◆ SUPPLIED DATA
....

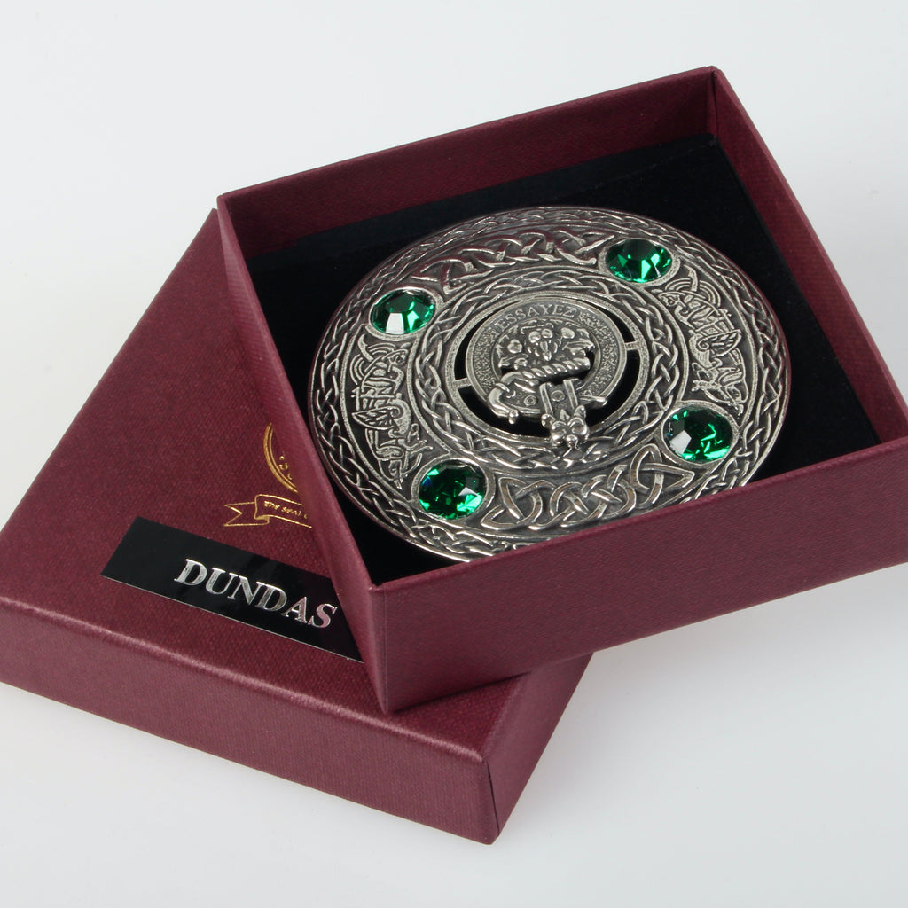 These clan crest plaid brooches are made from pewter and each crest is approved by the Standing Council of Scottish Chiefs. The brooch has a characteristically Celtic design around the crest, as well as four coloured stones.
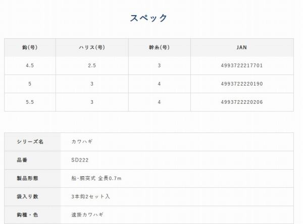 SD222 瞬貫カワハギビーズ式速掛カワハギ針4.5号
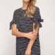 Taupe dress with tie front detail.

....

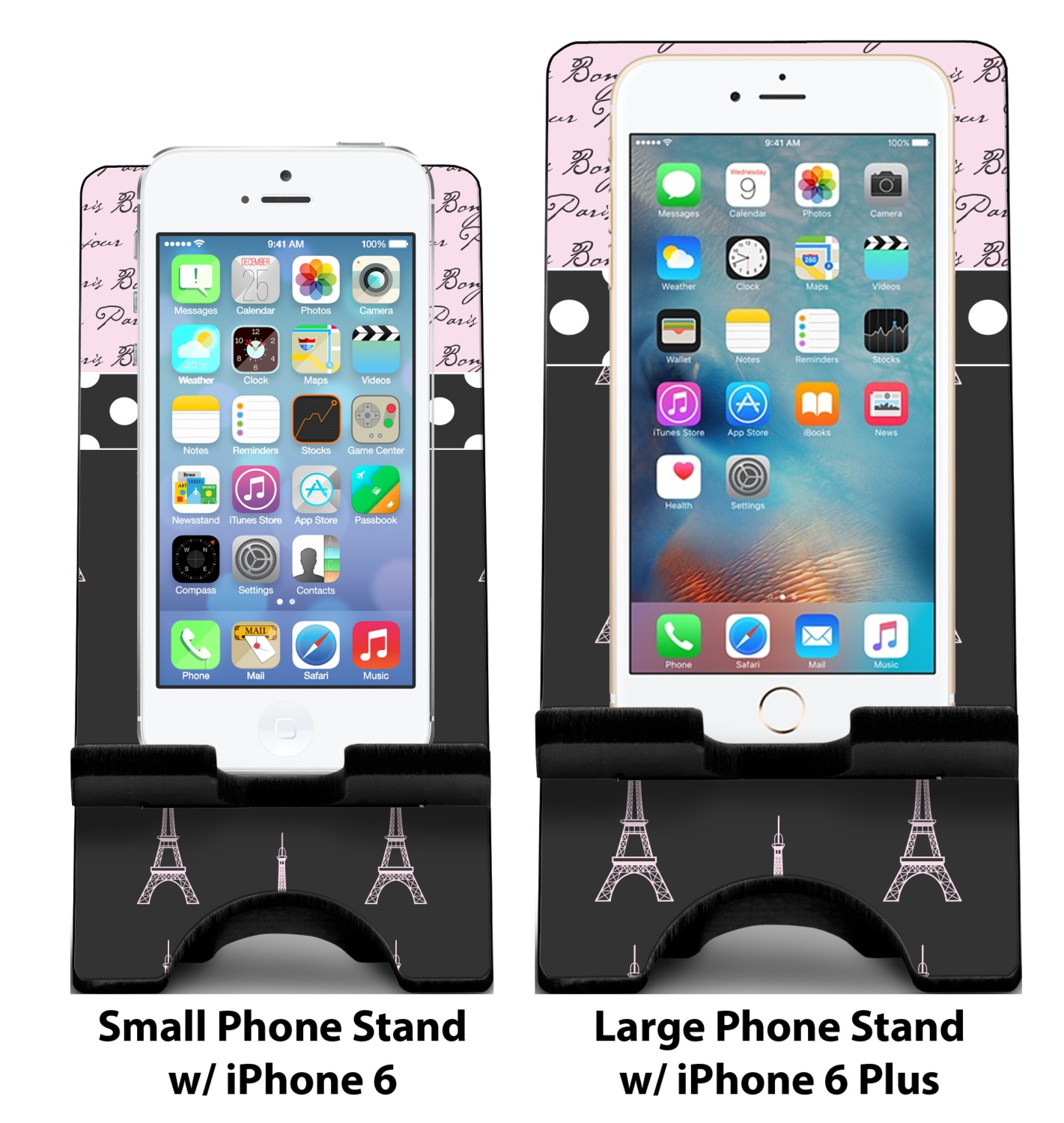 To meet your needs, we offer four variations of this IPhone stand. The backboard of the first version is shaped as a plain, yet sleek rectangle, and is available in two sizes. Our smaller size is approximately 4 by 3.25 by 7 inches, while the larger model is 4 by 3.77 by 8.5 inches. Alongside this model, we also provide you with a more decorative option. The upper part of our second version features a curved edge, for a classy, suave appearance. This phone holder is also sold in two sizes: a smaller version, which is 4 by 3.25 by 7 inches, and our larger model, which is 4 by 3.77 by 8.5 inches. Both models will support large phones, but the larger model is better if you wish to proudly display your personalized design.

....

◆ WHAT YOU WILL DO
An exact copy is needed of the stretch above that opens with the line containing "These clan crest" and closes with the line containing "Taupe dress with tie front detail."; the pictures are not part of it.

◆ OUTPUT BELOW
 These clan crest plaid brooches are made from pewter and each crest is approved by the Standing Council of Scottish Chiefs. The brooch has a characteristically Celtic design around the crest, as well as four coloured stones.
 SD222 瞬貫カワハギビーズ式速掛カワハギ針4.5号
 Taupe dress with tie front detail.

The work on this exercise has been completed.